Alice and Bob take turns playing the tower of babel game, with Alice starting. In this game Alice has $m$ parcels of land. In each of Alice's turns she receives $n$ blocks and decides to distribute them between her parcels to make the towers on each tower taller (at the beginning the towers have a height of $0$ blocks. In each of Bob's turns he can choose to destroy a tower and render that parcel of land unusable for the rest of the game, for what values of $m,n,k$ does Bob win and for which does Alice win? Alice wins if at any point in time there is a tower of height $k$ on the field.
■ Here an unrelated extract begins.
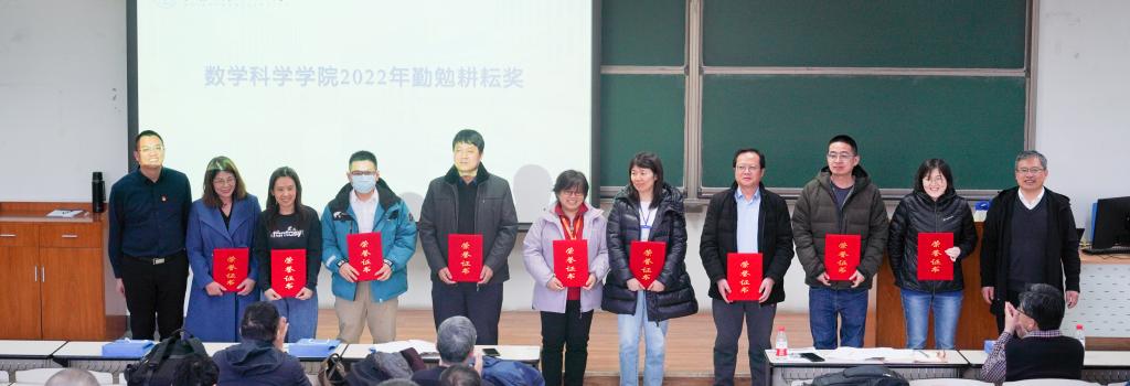 会上表彰了学院2022年最美数学人、勤勉耕耘奖获奖教师。韩德仁为获奖教师颁奖。

Here is what I have done up to now:
Suppose the game is different, in this game Alice tries to build the highest tower possible. What is the highest tower Alice can build if both players play optimally? denote this number by $h(n,m)$
The best strategy for bob is clearly to remove the highest tower in each of his turns. the best strategy for Alice is to first make sure all towers are of size $1$, then of size $2$ and so on. Why? The tower will achieve its highest point when it is the last tower standing. The height of that tower will be $(m-1)n$ minus the number of blocks on the destroyed towers, by using the aforementioned strategy Alice can minimize that sum.
So now all we have to do is calculate $t(n,m)$, we already know $t(n,m)=(m-1)n-d$ where $d$ is the number of blocks on the destroyed towers.
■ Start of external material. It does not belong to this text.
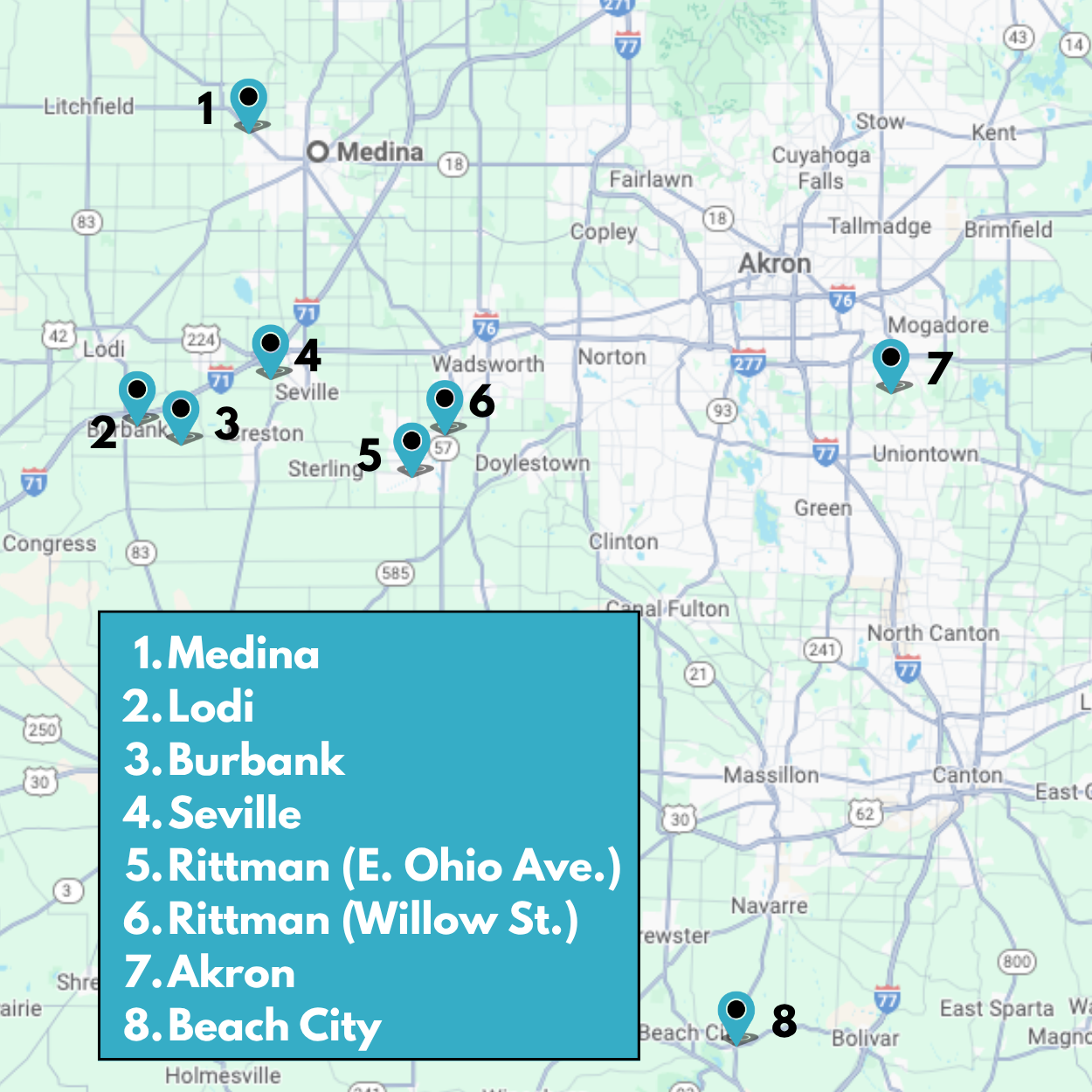 To service the Wadsworth area, Rent Rite has locations nearby south in Rittman, north in Medina and east in Akron. There is also a facility in Beach City, which is between Wooster and Sugarcreek, and future locations are planned for Lodi, Seville and Burbank.

Starting at the end, consider when $m = 1$. In that case, Alice puts all $n$ blocks on that one parcel and wins if $k \leq n$.
If $m = 2$, then Alice will put blocks on the two parcels, Bob will remove one parcel, and then we'll be at the $m = 1$ state again. If the two parcels are not equal, Bob will remove the largest, so Alice's strategy will be to distribute as evenly as possible. If $n$ is even, then she will put $n/2$ on each, and Alice will win if $k \leq 3n/2$.
This pattern continues: Alice will put $n/i$ blocks on each parcel when there are $i$ parcels remaining. If numbers do not divide evenly, she will arrange it so that the largest tower will have exactly one block more than the smallest. If $m > n$, she may have several turns at the start where she places one block on each of $n$ empty parcels.
The approximate maximum $k$ for which Alice can win is:
$$ k = \sum_{i=1}^m \frac ni $$
Round off will alter that a bit.